PROBLEM DETAILS: Look below for the line that has "252 | 100 |"; output exactly from it through the line that has "5ème : les élèves", and leave the pictures out.

DATASET EXCERPTS:
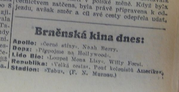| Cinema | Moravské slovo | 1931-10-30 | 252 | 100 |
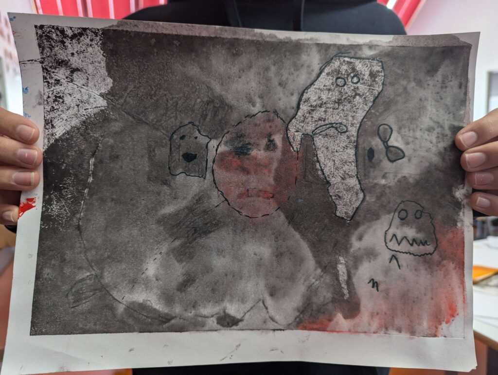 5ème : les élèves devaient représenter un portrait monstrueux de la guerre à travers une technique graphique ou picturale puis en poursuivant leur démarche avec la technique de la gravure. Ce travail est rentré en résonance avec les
--
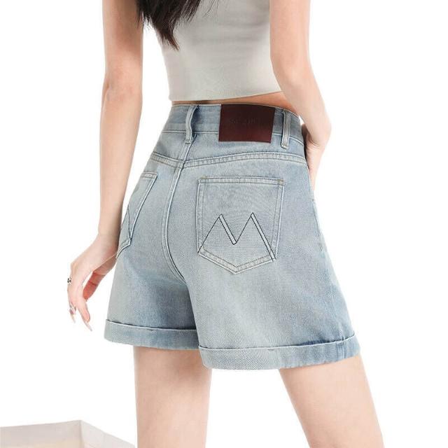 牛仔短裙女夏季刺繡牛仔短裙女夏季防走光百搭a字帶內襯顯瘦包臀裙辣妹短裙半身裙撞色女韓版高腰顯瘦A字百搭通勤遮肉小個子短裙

OUTPUT FOR THIS EXERCISE:
| Cinema | Moravské slovo | 1931-10-30 | 252 | 100 |
 5ème : les élèves devaient représenter un portrait monstrueux de la guerre à travers une technique graphique ou picturale puis en poursuivant leur démarche avec la technique de la gravure. Ce travail est rentré en résonance avec les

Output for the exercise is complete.